眼睛
行文言语颇见内质,如诗般张力尽显,让热在阅读之中沉思,沉思之中触摸到关于心灵的声音。文思之细,言语之精,或叹为观止。
因为又是周末,所以雨就停了,我要带一束花,去自己的墓地散步。
——加西亚·马奎斯
一个人的时候,不要偷看星星的眼睛,他会抢走你心中的秘密——当我们窥视他们的时候,他们也在监视我们。
公交车上,疲惫的身体被挤压的动弹不得,繁杂琐事在脑中乱成一窝蜂,尖锐的噪音不断刺穿脆弱的耳膜,什么都做不了,那该怎么打发这段看似没有尽头的无聊时光呢?看来只好拜托眼睛帮我们愉悦一下身心了。

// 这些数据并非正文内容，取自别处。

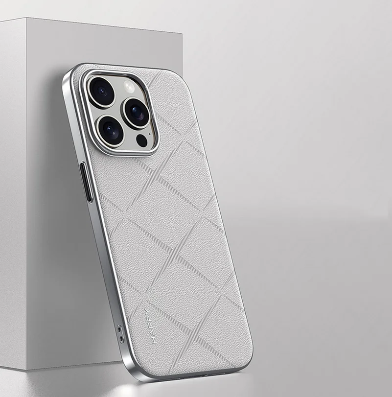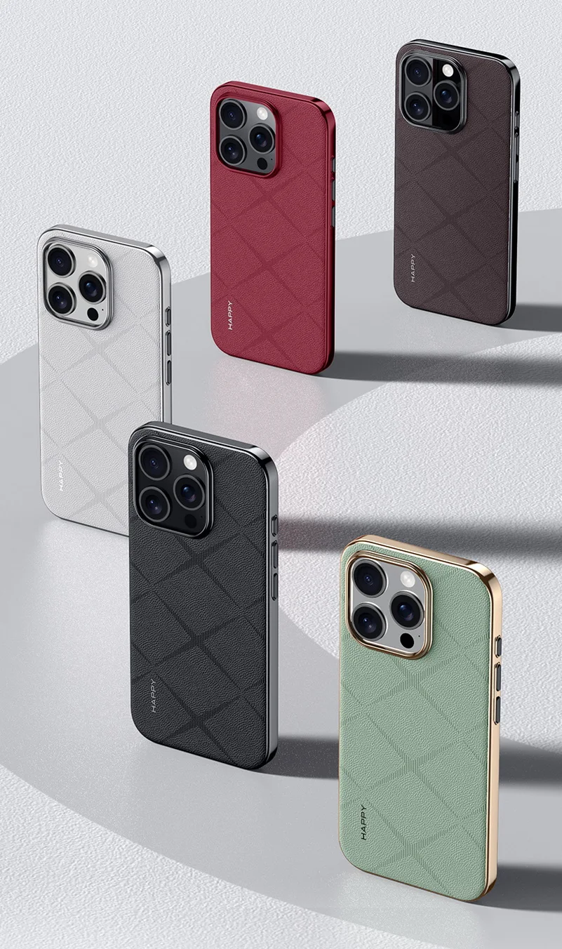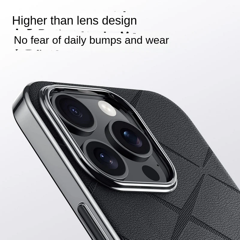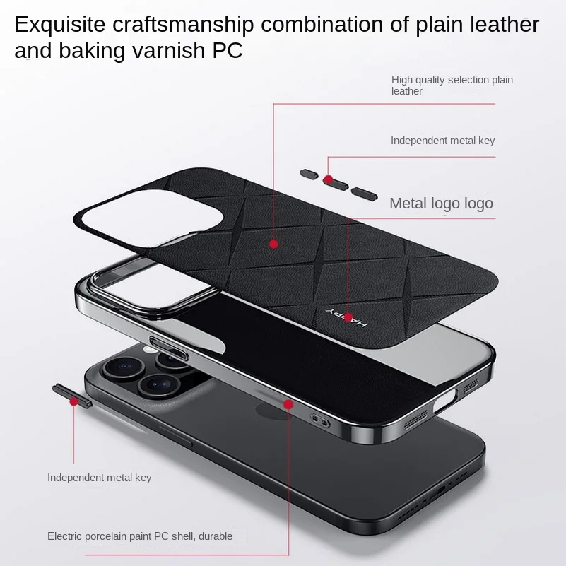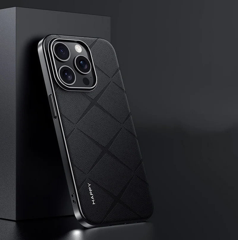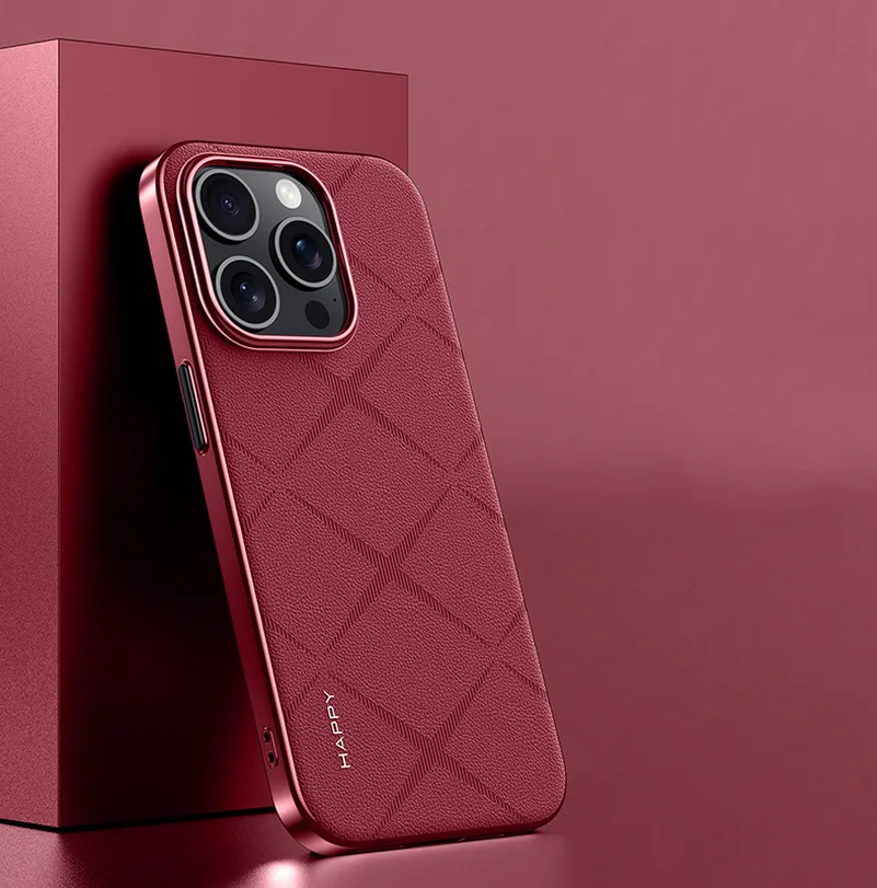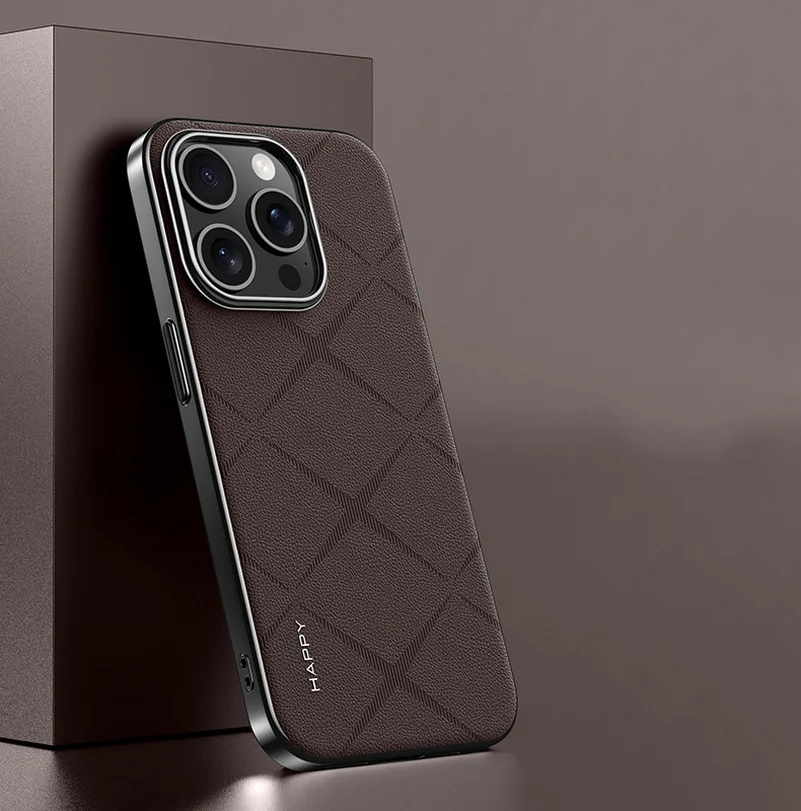 Luxury Plain Leather + Camera Lens Protection Case For iPhone

聊天解闷,“看”天解忧。“看”可是咱们这个花花世界上最不费力、性价比最高,也是最基础最原始的消遣了——它的成本只需一双可以在视网膜上凑合着成像的眼睛。
在人的脸上,鼻子雄踞在四方中心,耳朵占领了头上的风口,嘴巴圈走了人中以下的风水宝地,可若最具生命灵性的眼睛没有找到合适的栖身之所,其他部位再怎么漂亮人还丑陋。眼睛是扇窗,什么样的窗藏什么样的风景;眼睛是口井,什么样的井蓄什么的水;眼睛是镜子,什么样的镜子映什么样的妆;眼睛是湖泊,什么样的湖长什么样的鱼。世界在你的眼中,是一个虚幻的假设;你在世界的眼中,是一个逼真的道具。
看那双蓝玻璃一般忧愁的眼,她始终注视着车窗外的风景。也许她正希冀一场淋漓的阵雨,浇熄这座城市狂爆的热情;雨后的空中会有一道绚烂的彩虹,而她的王子会在虹桥下撑伞等她。可她却不又敢走的太近,只好把练好的胡旋舞折好藏进眼里,然后去他看不到的地方隐居。
角落里蛰伏着的一对疲惫的黑水晶,时而闪烁时而黯淡,他的前世,应该是某个巫婆占卜的道具,所以才把诡谲的神秘保留至生。他也许是在总结昨天的命运,或是在盘点今天的斩获,抑或是在运筹明天的战略。思考的太投入了,眼皮忘记了清洗眼睛的工作,眼珠也懒得转动,聚成一颗古老的琥珀,神似眼镜蛇三角头盔和猫头鹰的披风上的花纹。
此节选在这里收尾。